Content starts

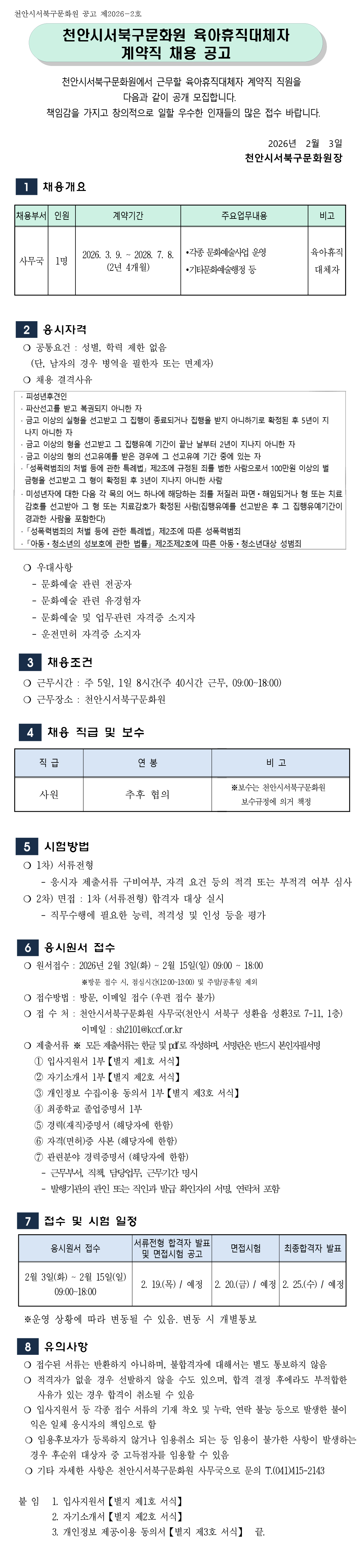 2026년 천안시서북구문화원 육아휴직대체자 계약직 채용 공고.pdf
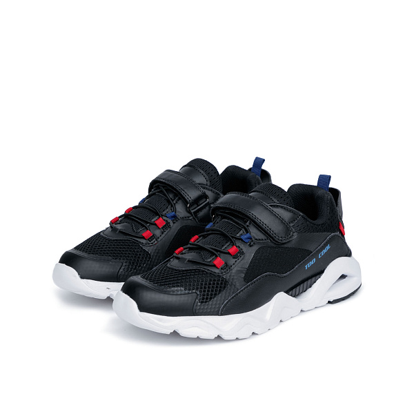 Практичный черный цвет позволяет включить обувь в гардероб ребенка, оформленный в любом стиле и цветовой гамме. Подошва изготовлена по специальной технологии и обладает высоким коэффициентом упругости. Такие кроссовки чудесно пружинят при беге, а эластичная резинка с фиксаторами и застежка-липучка надежно удерживают обувь на ноге и делают их комфортными в использовании.
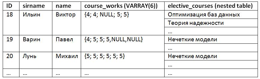 Пусть есть таблица students со сведениями о студентах, у которой первые три столбца имеют скалярные типы данных, а столбцы course_works (курсовые работы) и elective_courses (факультативы) объявлены как массив переменной длины и вложенная таблица.
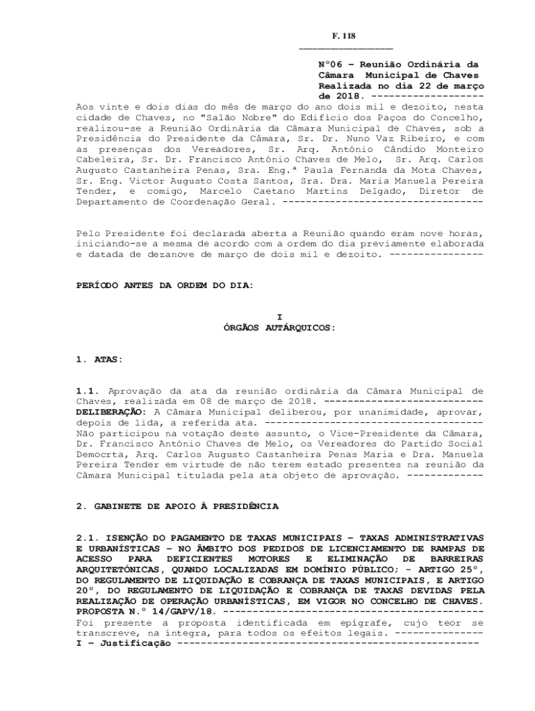 F. 118 ___N06 Reunio Ordinria da Cmara Municipal de Chaves Realizada no dia 22 de maro de 2018. Aos vinte e dois dias do ms de maro do ano dois mil e dezoito, nesta cidade de Chaves, no \"Salo Nobre\"
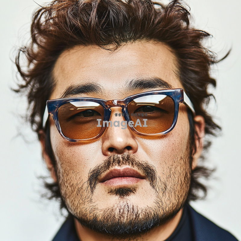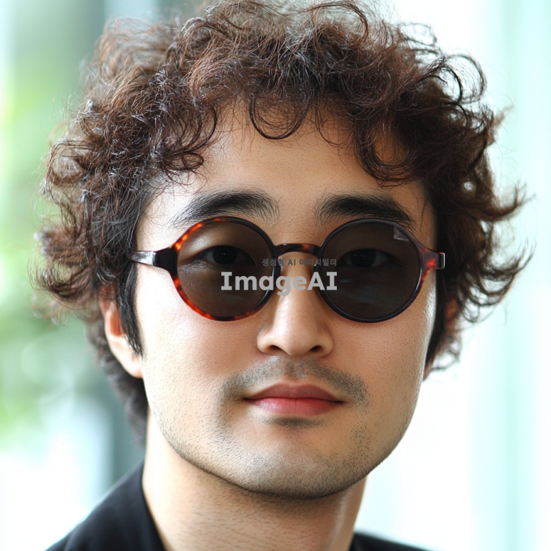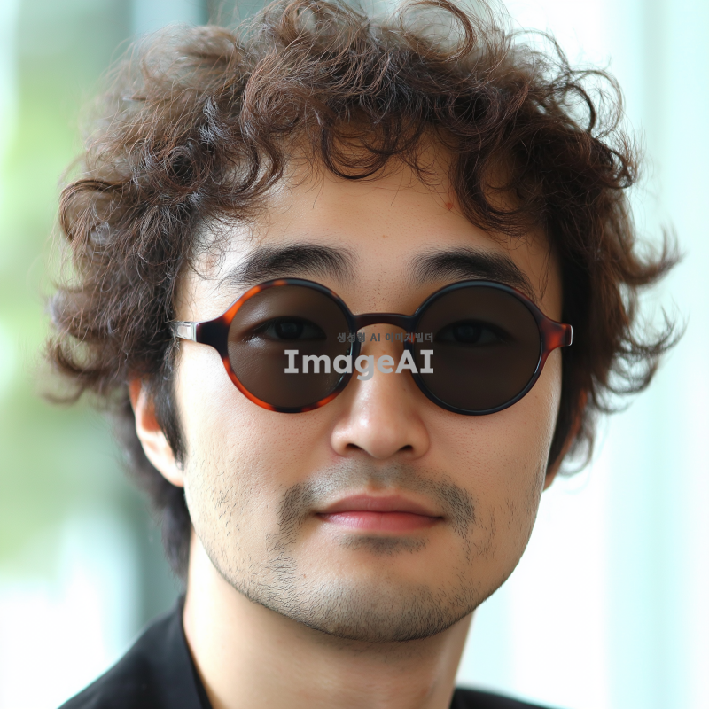 29살의 한국 남성, 갸름한 마름고꼴 얼굴, 황토색 피부, 가르마 펌 헤어스타일, 회사원 이미지에 어울리는 선글라스 착용, 1:1 비율, 600x600px, jpg 형식.

Content ends

▶ **Assigned task**
Skip all pictures. Write out only the lines from the one containing "Практичный черный цвет" to the end of the listing above, inclusive, exactly as given.

▶ **Written response**
 Практичный черный цвет позволяет включить обувь в гардероб ребенка, оформленный в любом стиле и цветовой гамме. Подошва изготовлена по специальной технологии и обладает высоким коэффициентом упругости. Такие кроссовки чудесно пружинят при беге, а эластичная резинка с фиксаторами и застежка-липучка надежно удерживают обувь на ноге и делают их комфортными в использовании.
 Пусть есть таблица students со сведениями о студентах, у которой первые три столбца имеют скалярные типы данных, а столбцы course_works (курсовые работы) и elective_courses (факультативы) объявлены как массив переменной длины и вложенная таблица.
 F. 118 ___N06 Reunio Ordinria da Cmara Municipal de Chaves Realizada no dia 22 de maro de 2018. Aos vinte e dois dias do ms de maro do ano dois mil e dezoito, nesta cidade de Chaves, no \"Salo Nobre\"
 29살의 한국 남성, 갸름한 마름고꼴 얼굴, 황토색 피부, 가르마 펌 헤어스타일, 회사원 이미지에 어울리는 선글라스 착용, 1:1 비율, 600x600px, jpg 형식.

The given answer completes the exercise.